I have tuned them all up and found that I need them all almost every day. Now, my knowledge is in my hands and my muscles as well as in my mind and I find that as my eye sizes up the job my hand is already reaching for the plane that will work best.

The best way to start? Get three old Stanley's, a #4 Smoother, a #5 jack plane and a block plane. Learn to flatten the soles and the face of the plane irons and put a sharp bevel on those irons and then learn how to use them. THEN decide what other planes you might want to buy to make your collection complete. Yes, you will probably want several Jointers and maybe a bevel up Jack Plane, but you will make much better decisions after you have mastered those first three planes.

One last piece of advice: if you decide to try a couple of old Stanleys, make sure that they have plenty of plane iron. There are lots of planes out there that are fine except somebody ground off most of the plane iron making them difficult or impossible to sharpen and adjust.


----------



## mrkozmic (Mar 9, 2012)

Thanks for your help guys. I like old tools and love the idea to restore old hand planes, but I just have too many projects going on in addition to small kids. 
I live in Norway. Despite the fact that Norwegians where traditionally goods in woodcrafting building theirs boats and houses from wood they now all moved to power tools (or no tools at all). 

Finding tools at flea markets is impossible. In the future I will probably buy old Stanleys for restoration, but for now I will have to go the easy way buying new good quality planes. If I keep and use those long enough I will end up with old good planes anyway 

When it comes to $$ buying 3 Veritas planes in one go will probably turn out the same as buying 3-4 old planes on ebay taking the shipping cost from 3-4 different locations in account.

I have been using a cheap jack plane for a while and tried flatening the sole and the frog. But given the low quality of materials it bends and twists every time I put it away. At least I have mastered sharpening of the blade to a hair shaving sharpnes. I have been using chisels for a while so I now that part well.


----------



## autre (Jul 12, 2011)

I pretty much had the same dilemma as yourself, and I did enough research to be satisfied with my decision to buy the WoodRiver series planes by WoodCraft. 
WoodCraft's website suggested a 'package' deal of three planes; 1) low-level block, 2) #4 jack, and 3) #6 fore-plane. Called the "Ultimate Cabinet Makers' Kit". 
I pretty much let this "suggest" for me which ones to start with and I have not been disappointed. The #6 fore-plane is a perfect "in-betweener" plane, excellent for smoothing and very good for jointing.

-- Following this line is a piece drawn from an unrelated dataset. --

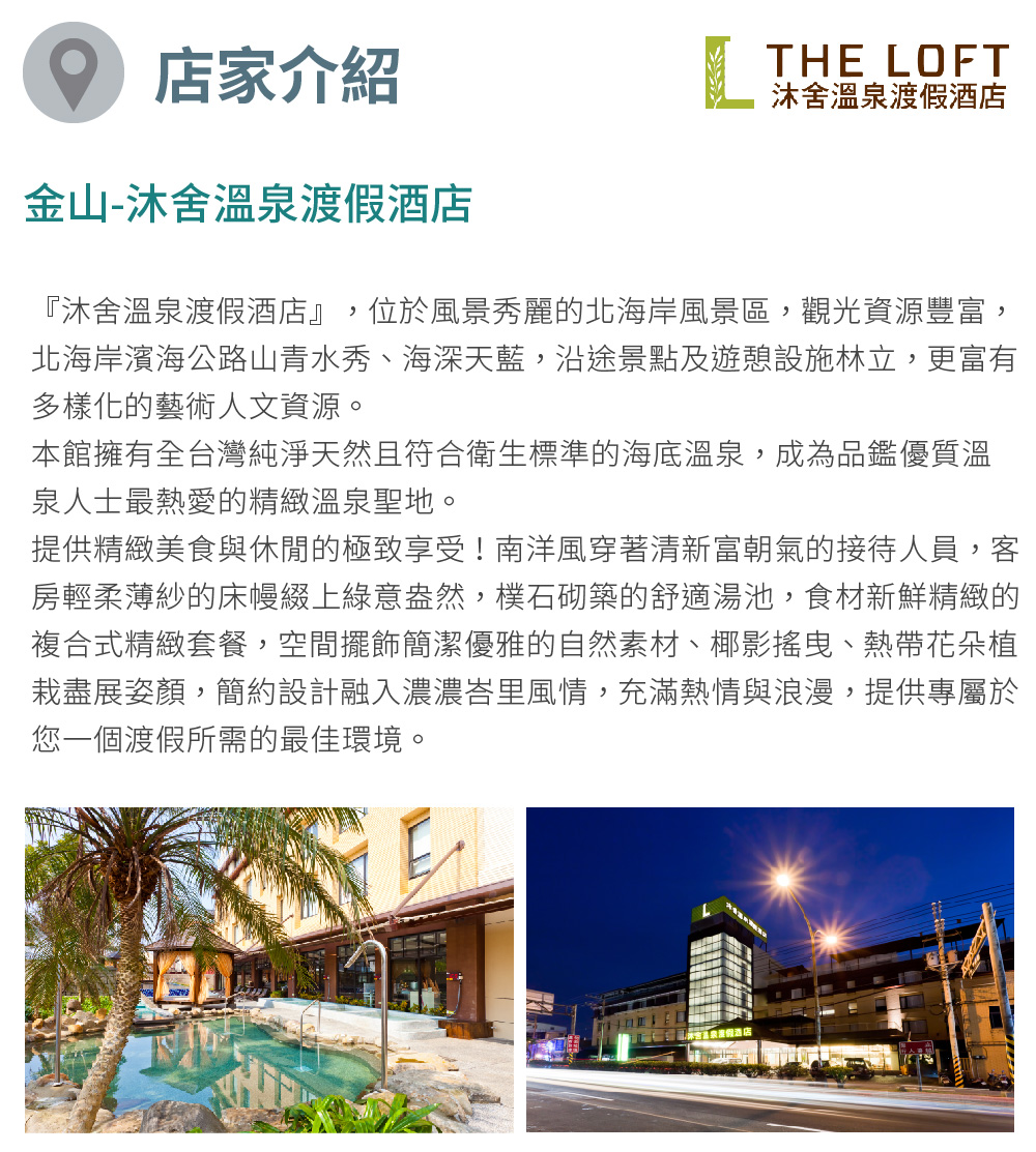 金山【沐舍溫泉渡假酒店】烏布溫泉雙人房+地質公園票券兩張(MO25)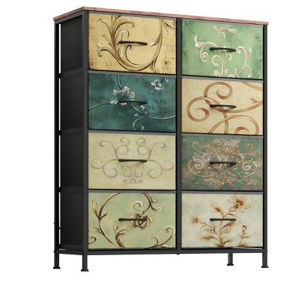 FONTOI Nightstands with Large Capacity Storage, Vintage Patterned Drawers, Space-Saving Design for Bedroom Clothing, Multi, 39.37"*11.81"*20.87"

Using the #6 for a while has given me the feedback I needed for understanding the use of a dedicated jointer like a #7, but if I had got a #7 first, I probably would have fought with it a bit.
I could ramble on about this, and the other two planes I got with the package, but I just wanted you to be aware of less expensive alternatives and other brands to investigate. Check the reviews on these if you might be interested, but ultimately, I found this combination of planes was perfect for my needs. 
To quote; "I think I should get 3 planes: a jack plane, a block plane and a smoother." -You have the right idea, I think you are just confusing the issue that a "smoother" is a "smoother" and a "jack" is a "jack" but that's not the case here. For example, I use all of them for chuting (shooting) miters depending on whatever variables happen to be best for the job, letting feel and intuition help decide (or even which blade is sharpest at the moment!). 

I hope this helps. Best of luck, and keep us informed. I'm excited for you in whatever your decision. Hand-planing is a wonderful experience.


----------



## GoIrish (Jan 29, 2012)

I have tuned up two new Record planes and an old generic smoother. I also was given a Lee Nielsen smoother by my wife. It was a good deal of work to true up the other planes and while they work well they still did not perform as well as the premium plane right out of the box. So if the hours spent tuning up a plane is not something you will enjoy as much as wood working it might be worth the $150 premium to go with a Lee Nielsen or Veritas. I love the look of of the Lee Nielsen and have loved the performance.


----------